Platt F M, Jeyakumar M, Andersson U, Priestman D A, Dwek R A, Butters T D, Cox T M, Lachmann R H, Hollak C, Aerts J M, Van Weely S, Hrebícek M, Moyses C, Gow I, Elstein D, Zimran A
Glycobiology Institute, Department of Biochemistry, University of Oxford, UK.
J Inherit Metab Dis. 2001 Apr;24(2):275-90. doi: 10.1023/a:1010335505357.

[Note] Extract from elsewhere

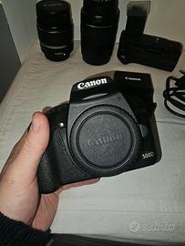 CANON EOS 500D tenuta in ottime condizioni, unico difetto solo estetico è il tappo in plastica di uscita per collegarla con il cavo, ma non cade se non viene applicata forza. funzionamento perfetto e sempre tenuta con la pellicola protettiva sullo schermo. vendo insieme a 2 ottiche Canon un 18-55 stabilizzato ed un tele da 55-200mm con entrambi già dotati anche di filtro CPL (polarizzatore), vendo con anche 1 batteria originale, tracolla originale, caricatore e cavi originali, e il supporto per doppia batteria mostrato in foto che consente di usarne 2 insieme invece che 1. Per qualsiasi info non disturbatevi a chiedermi altre foto o dubbi anche sul prezzo, che è leggermente trattabile. Sono anche disponibile a incontrarci per farla provare e vedere di persona.

The glycosphingolipid (GSL) lysosomal storage diseases are caused by mutations in the genes encoding the glycohydrolases that catabolize GSLs within lysosomes. In these diseases the substrate for the defective enzyme accumulates in the lysosome and the stored GSL leads to cellular dysfunction and disease. The diseases frequently have a progressive neurodegenerative course. The therapeutic options for treating these diseases are relatively limited, and for the majority there are no effective therapies. The problem is further compounded by difficulties in delivering therapeutic agents to the brain. Most research effort to date has focused on strategies for augmenting enzyme levels to compensate for the underlying defect. These include bone marrow transplantation (BMT), enzyme replacement and gene therapy. An alternative strategy that we have been exploring is substrate deprivation. This approach aims to balance the rate of GSL synthesis with the impaired rate of GSL breakdown. The imino sugar N-butyldeoxynojirimycin (NB-DNJ) inhibits the first step in GSL biosynthesis and has been used to evaluate this approach. Studies in an asymptomatic mouse model of Tay-Sachs disease have shown that substrate deprivation prevents GSL storage in the CNS. In a severe neurodegenerative mouse model of Sandhoff disease, substrate deprivation delayed the onset of symptoms and disease progression and significantly increased life expectancy. Combining NB-DNJ and BMT was found to be synergistic in the Sandhoff mouse model. A clinical trial in type I Gaucher disease has been undertaken and has shown beneficial effects. Efficacy was demonstrated on the basis of significant decreases in liver and spleen volumes, gradual but significant improvement in haematological parameters and disease activity markers, together with diminished GSL biosynthesis and storage as determined by independent biochemical assays. Further trials in type I Gaucher disease are in progress; studies are planned in patients with GSL storage in the CNS.
糖鞘脂(GSL)溶酶体贮积病是由编码糖水解酶的基因突变引起的,这些酶在溶酶体内分解代谢GSL。在这些疾病中,缺陷酶的底物在溶酶体中积累,储存的GSL导致细胞功能障碍和疾病。这些疾病通常具有进行性神经退行性病程。治疗这些疾病的选择相对有限,而且大多数情况下没有有效的治疗方法。将治疗药物输送到大脑的困难进一步加剧了这个问题。迄今为止,大多数研究工作都集中在提高酶水平以补偿潜在缺陷的策略上。这些策略包括骨髓移植(BMT)、酶替代疗法和基因治疗。我们一直在探索的另一种策略是底物剥夺。这种方法旨在平衡GSL合成速率与受损的GSL分解速率。亚氨基糖N-丁基脱氧野尻霉素(NB-DNJ)抑制GSL生物合成的第一步,并已用于评估这种方法。在泰-萨克斯病无症状小鼠模型中的研究表明,底物剥夺可防止中枢神经系统中GSL的储存。在桑德霍夫病严重神经退行性小鼠模型中,底物剥夺延迟了症状的发作和疾病进展,并显著延长了预期寿命。在桑德霍夫小鼠模型中发现,将NB-DNJ和BMT联合使用具有协同作用。已经对I型戈谢病进行了一项临床试验,并显示出有益效果。疗效通过肝脏和脾脏体积显著减小、血液学参数和疾病活动标志物逐渐但显著改善以及独立生化检测确定的GSL生物合成和储存减少得到证明。I型戈谢病的进一步试验正在进行中;计划对中枢神经系统中有GSL储存的患者进行研究。